Mistake #4. Refusal to diversify risks.

When it comes to investing, you must not, as they say, "put all your eggs in one basket". 

The correct solution is to spread your assets across different areas. This means that it is safer to invest in securities of fundamentally different companies. Let some capital be invested in acquiring shares in pharmaceutical companies, mining companies, engineering, etc. In that case, if one industry goes into deficit, the capital can be preserved and increased at the expense of the other.

Mistake #5. Believing in instantaneous superprofits.

Trusting advertising promises is a way to lose money. Often, bright promises are generously handed out by swindlers, in order to "untwist" the investor at least for the start-up capital. This trap is mainly designed for newcomers, inexperienced traders. 

In fact, the promise to increase profit by several times, to obtain 500% of income in a short period of time, for example in a month of participation in the auction, is nothing more than a deception. Practice shows that the more attractive the promise, the higher the risks of getting nothing.

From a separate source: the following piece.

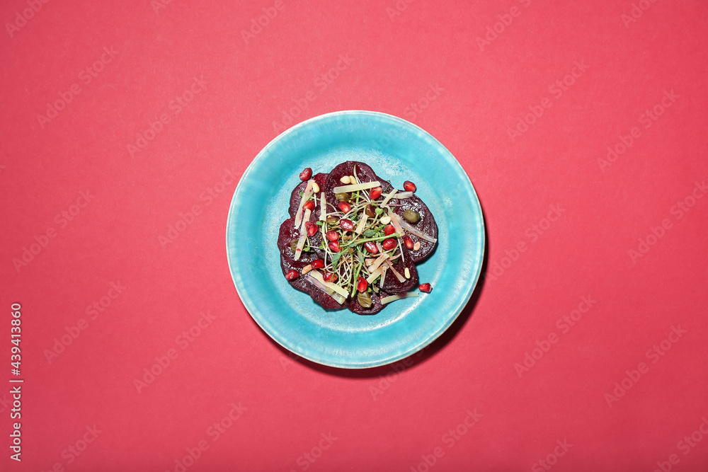 Plate with delicious beetroot carpaccio on color background

It is always important for investors to "turn on" logic before making important decisions, to find out details and nuances, in order to be able to calculate the risks beforehand. 


The stock market is very volatile and offers no guarantees - only crooks give them away. 

The investor can only minimize his risks on the way to profit and choose a reliable broker, who will warn of risky moments. The responsibility for the decisions made and the fate of the capital is solely in the hands of the investor himself.

The desire to make money on investments can be justified and significantly increase the welfare of the investor. 

Nevertheless, the way of investing cannot be called easy, because it is important to take into account many nuances and have certain knowledge. 

If you just take things at random, do not calculate the risks and do not follow the trends, the risk of missing your chance of making a profit and losing your start-up capital will only increase.

For those who are just taking their first steps in investing, it is better to enlist the support of professional, trustworthy advisors and start with small deposits. However, even in this case, it is important to diversify risks.